The task: Every line of the listing must be reproduced as it stands. Leave the images behind.

Supplied information:

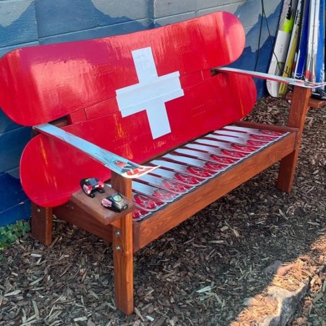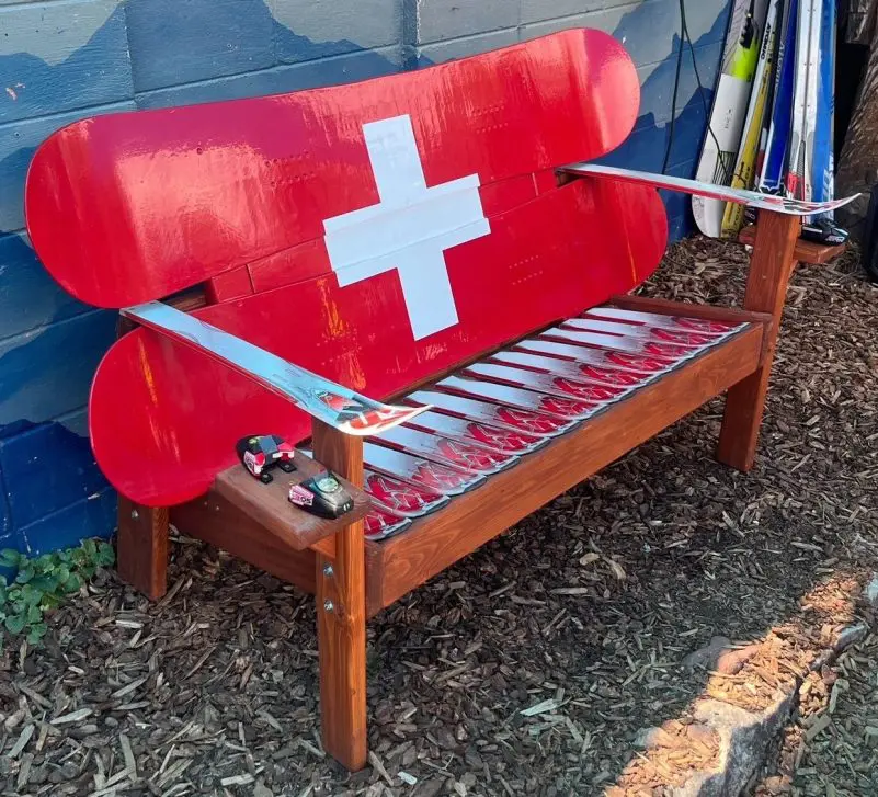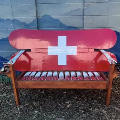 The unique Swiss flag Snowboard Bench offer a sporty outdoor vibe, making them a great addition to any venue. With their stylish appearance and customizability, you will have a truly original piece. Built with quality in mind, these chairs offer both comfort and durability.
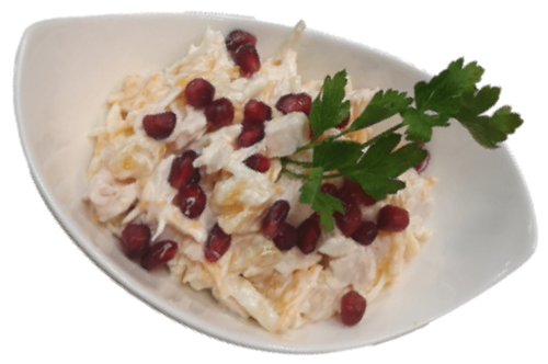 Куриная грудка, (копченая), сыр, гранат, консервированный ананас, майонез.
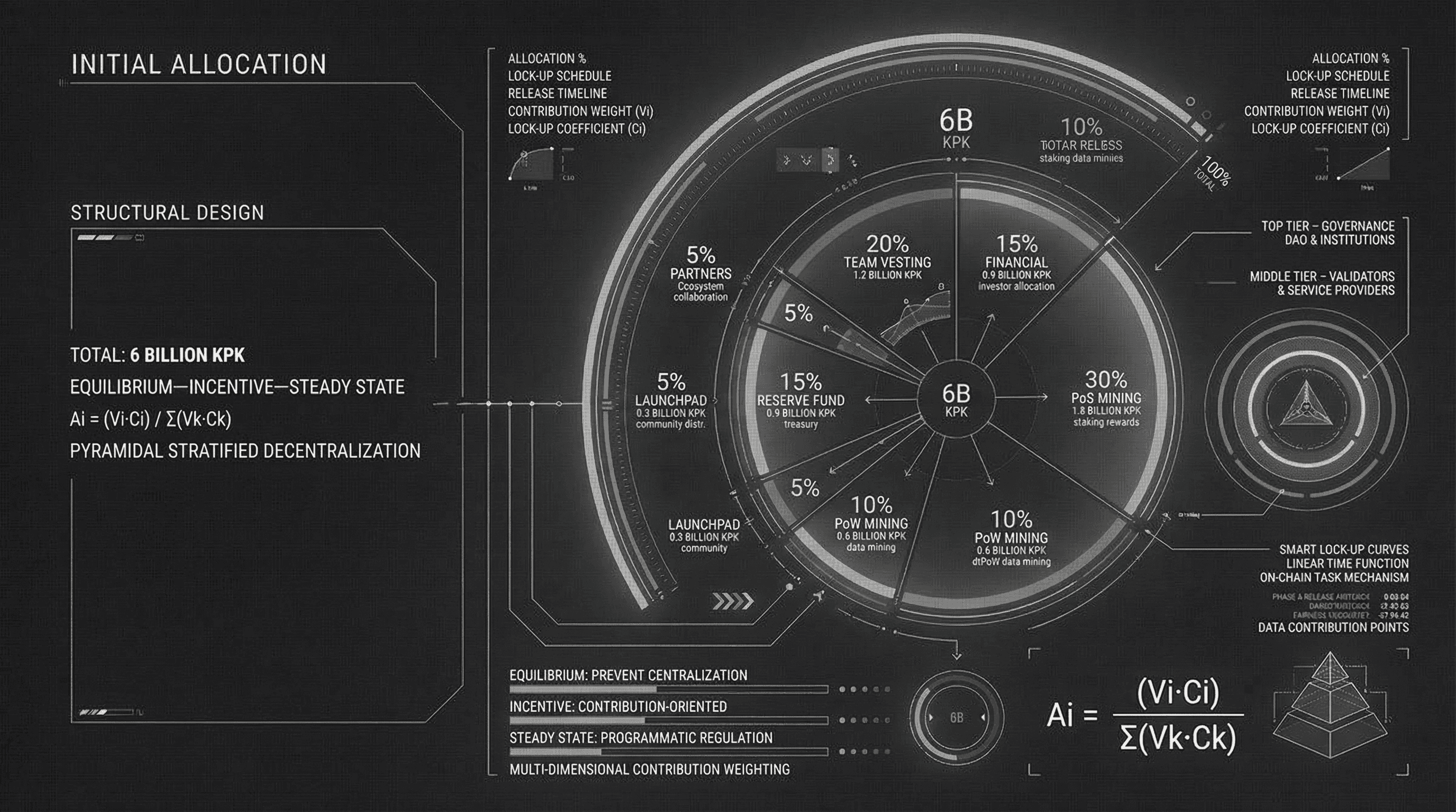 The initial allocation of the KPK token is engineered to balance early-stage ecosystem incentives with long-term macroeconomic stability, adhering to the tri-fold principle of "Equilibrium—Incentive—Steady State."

Answer box:
 The unique Swiss flag Snowboard Bench offer a sporty outdoor vibe, making them a great addition to any venue. With their stylish appearance and customizability, you will have a truly original piece. Built with quality in mind, these chairs offer both comfort and durability.
 Куриная грудка, (копченая), сыр, гранат, консервированный ананас, майонез.
 The initial allocation of the KPK token is engineered to balance early-stage ecosystem incentives with long-term macroeconomic stability, adhering to the tri-fold principle of "Equilibrium—Incentive—Steady State."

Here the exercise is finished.